Health Beat: Femtosecond: Lightning fast laser for cataracts
The lens of the eye helps us focus, but as we age, cataracts can develop. More than 22 million Americans over the age of 40 have cataracts, and that number is expected to rise by 50 percent in the next decade. Now, a new high-tech laser is giving patients a new option to get their sight back.
Reading on her new kindle would have been nearly impossible for Peggy Nardi last year.
“It was difficult. Even with the glasses,” said Nardi, whose cataracts made it tough to see.
"That’s the part that turns cloudy," said Dr. Dennis L. Kilpatrick, medical director at Scottsdale Eye Physicians & Surgeons.
Nardi opted for a new option in cataract surgery that’s being hailed the biggest advancement in 30 years.
"This is a tremendous breakthrough," Kilpatrick said.
Instead of cutting the cataract out with blades, surgeons use the femtosecond laser.
"The machine will make incisions in both the cornea and the lens itself," Kilpatrick explained.

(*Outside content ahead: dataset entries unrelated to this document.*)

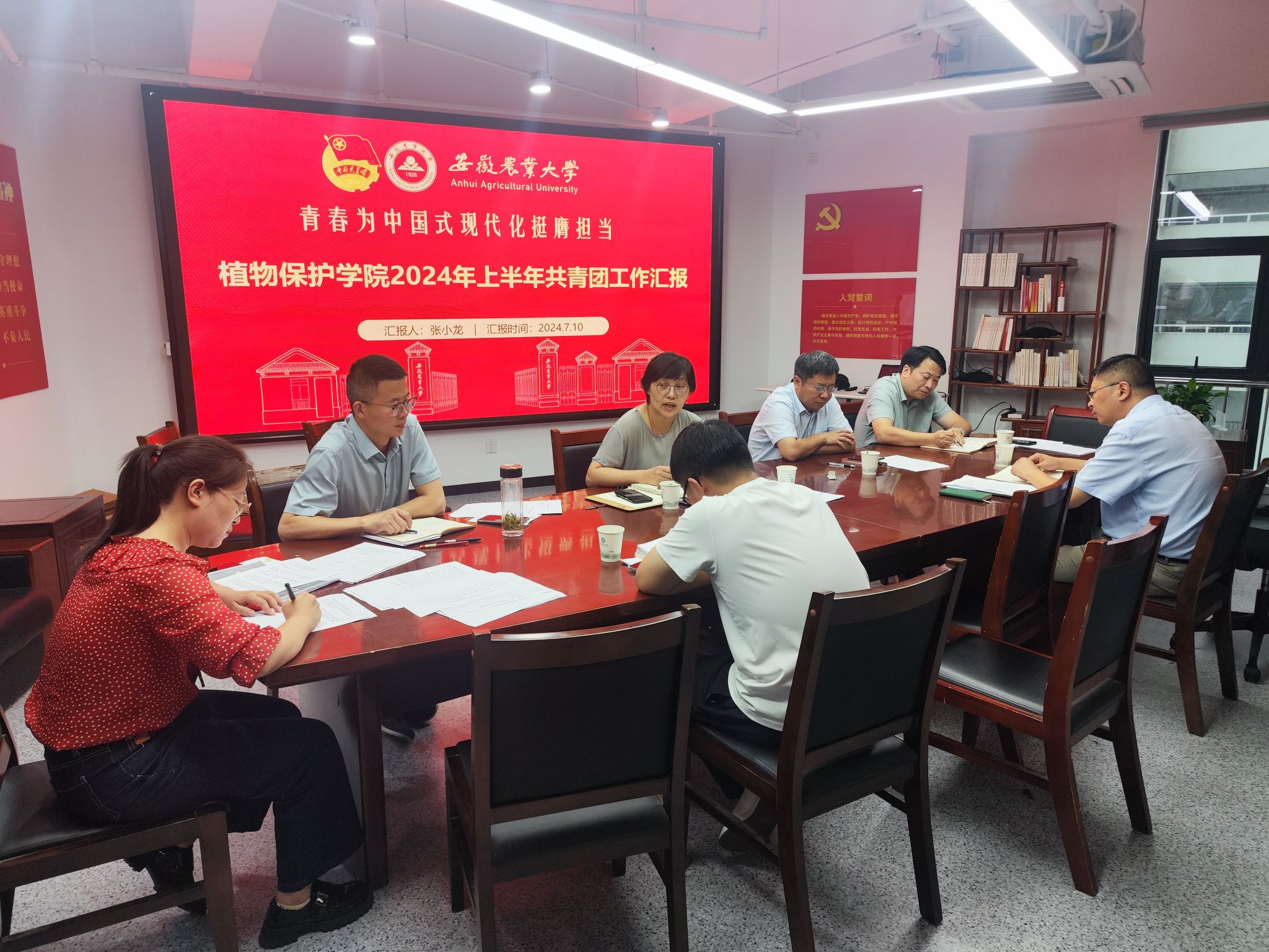 学院团学工作负责人从坚持思想引领、基层组织建设、服务青年成长、不足与下一步计划等方面依次汇报学院上半年共青团工作的开展情况,总结经验,反思不足,并汇报下一阶段工作计划。
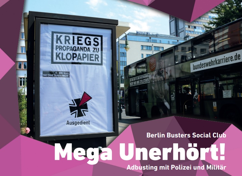 Wir haben den Berlin Busters Social Club für eine Buchvorstellung eingeladen. Der Berlin Busters Social Club sammelt, archiviert und dokumentiert Kommunikationsguerilla-Aktionen wie z. B. Adbusting. Adbusting ist ein Kunstwort aus engl. Advertising (Werbung) und to bust (stören, kaputt machten). Beim Adbusting kapern Aktivist*innen unerlaubt z. B. Bundeswehr-Werbung und verändern sie mit Farbe, Kleber oder Papier derart, dass sie damit im öffentlichen Raum das Militär kritisieren. Das finden wir spannend, deshalb haben wir den Club gebeten, das Buch „Mega Unerhört! Adbusting mit Polizei und Militär“, dass auch von der DFG-VK unterstützt wurde, einmal vorzustellen und mit uns die Möglichkeiten und Grenzen der Aktionsform zu diskutieren Für uns besonders interessant: „Mega Unerhört! Adbusting mit Polizei und Militär“ dokumentiert auch die vielen kreativen Aktionen gegen den Tag der Bundeswehr in Berlin in den letzten Jahren.
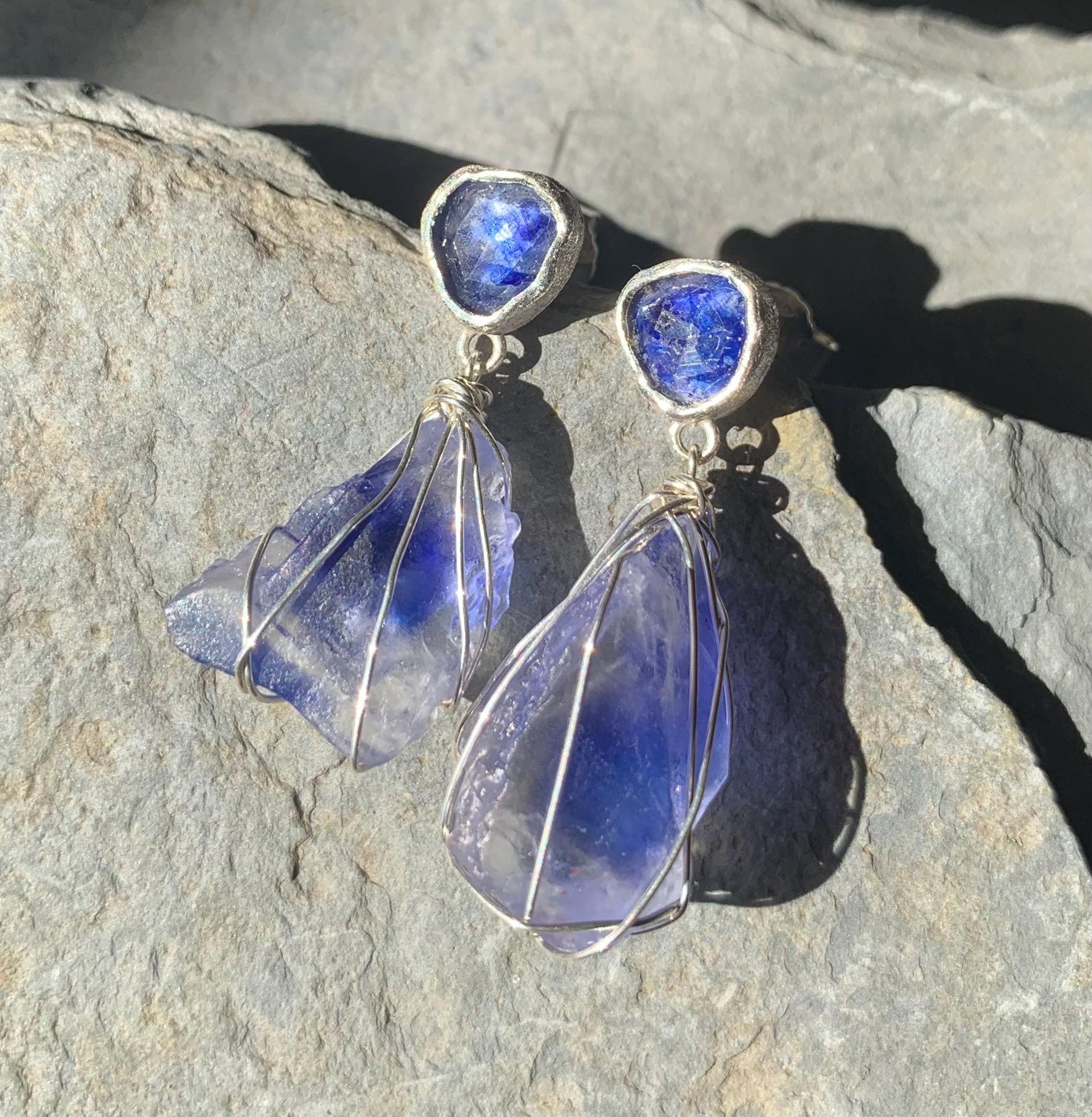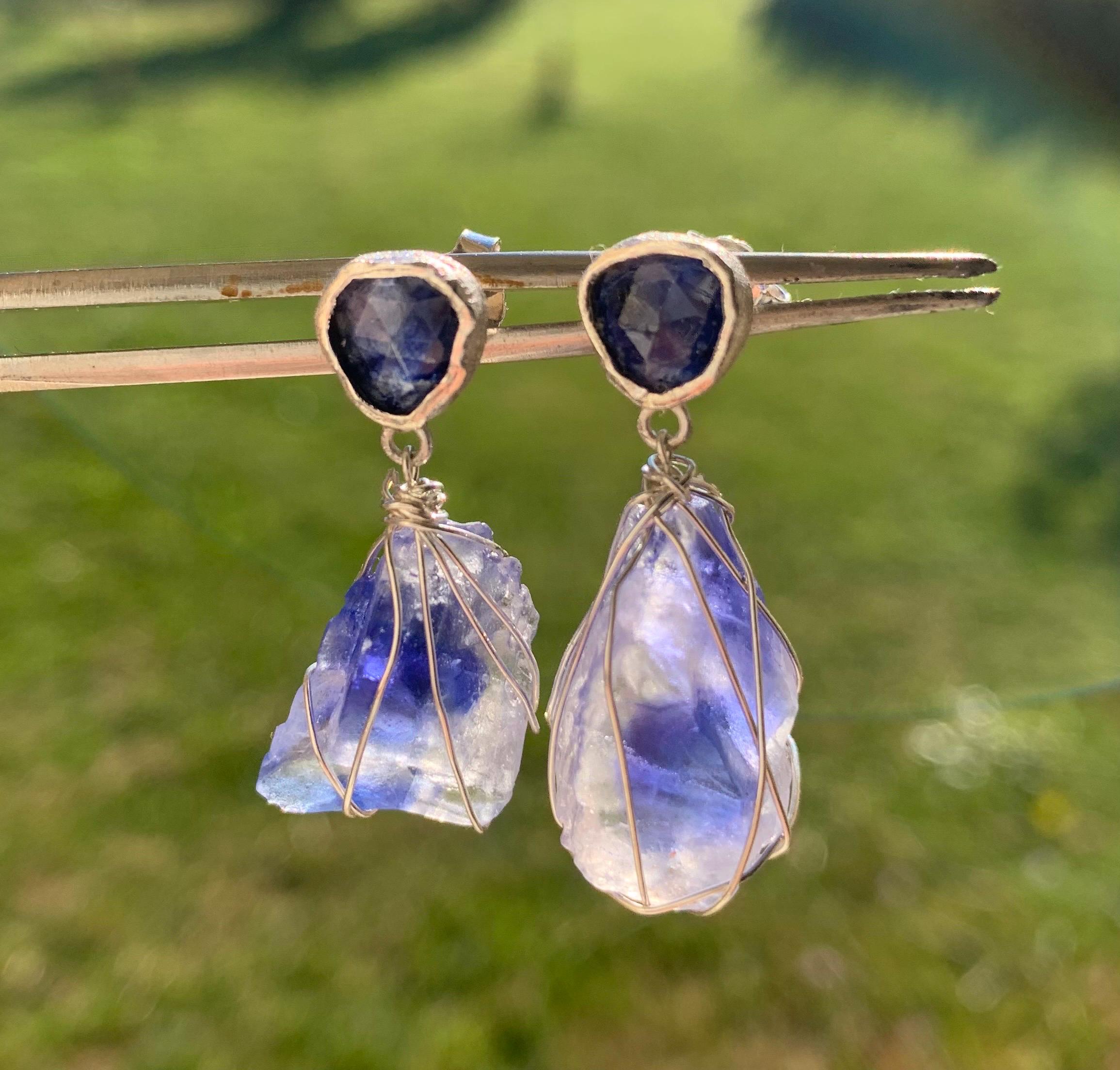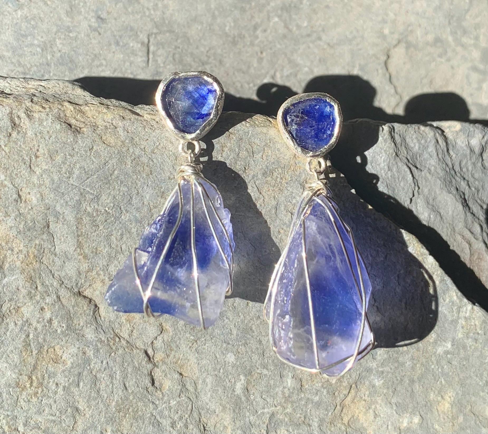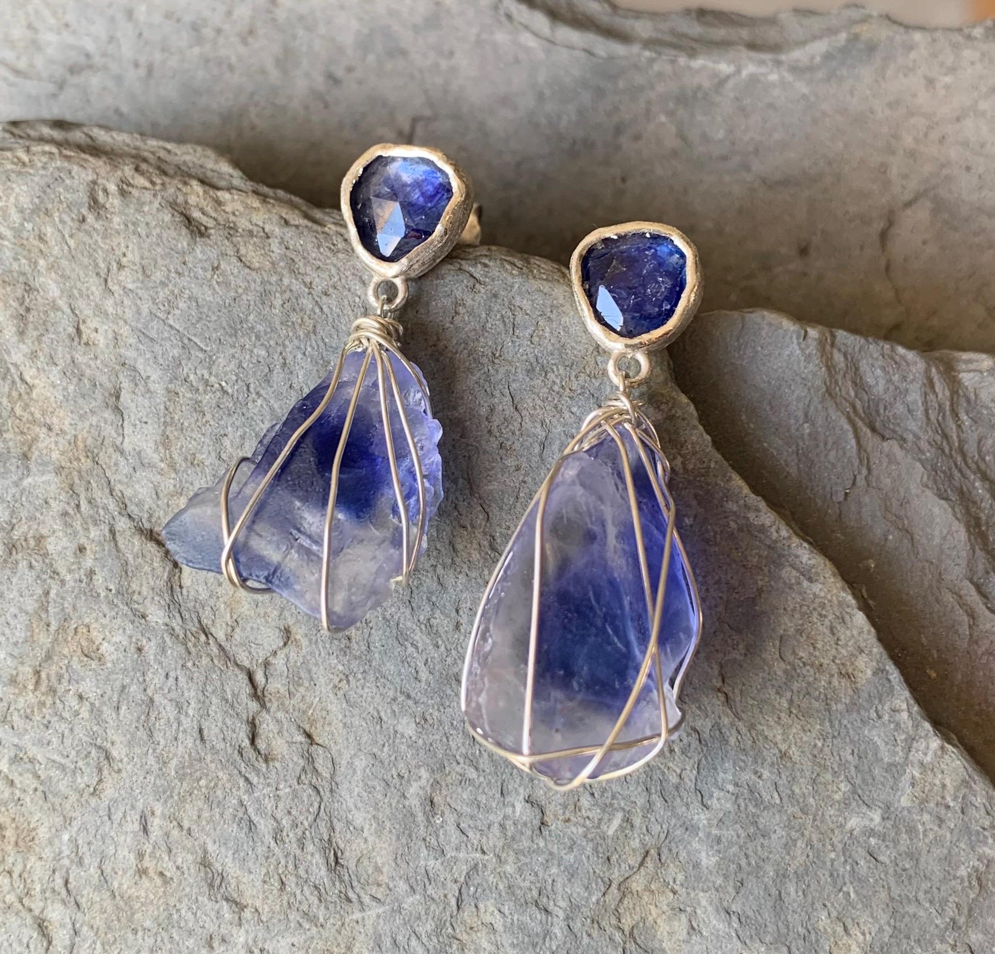 Under the sapphires are hanging 2 rough halits wrapped in silver wire.

It uses high energy pulses.
"The duration of the pulse is what gives it the name femtosecond. You might have heard of a nanosecond. That’s one-billionth of a second, but a femtosecond is actually one-millionth of a nanosecond," Kilpatrick said.
The bladeless approach improves safety for patients, cuts recovery time, and gives doctors a new level of precision.
"It's something no surgeon, no matter how good they are, can do with their free hand, not as well as the laser," Kilpatrick said.
"Color, color is fantastic," Nardi said.
For her, it means seeing a brighter future with her great-granddaughter.
"I'm happy, happy, happy with it," Nardi said.
Femtosecond laser cataract surgery uses similar technology to Lasik and can also be used to fix astigmatism in cataract patients. It is FDA approved. The doctor said most of his patients feel their vision is much better about two weeks after standard cataract surgery. With the femtosecond laser, it's more like one week.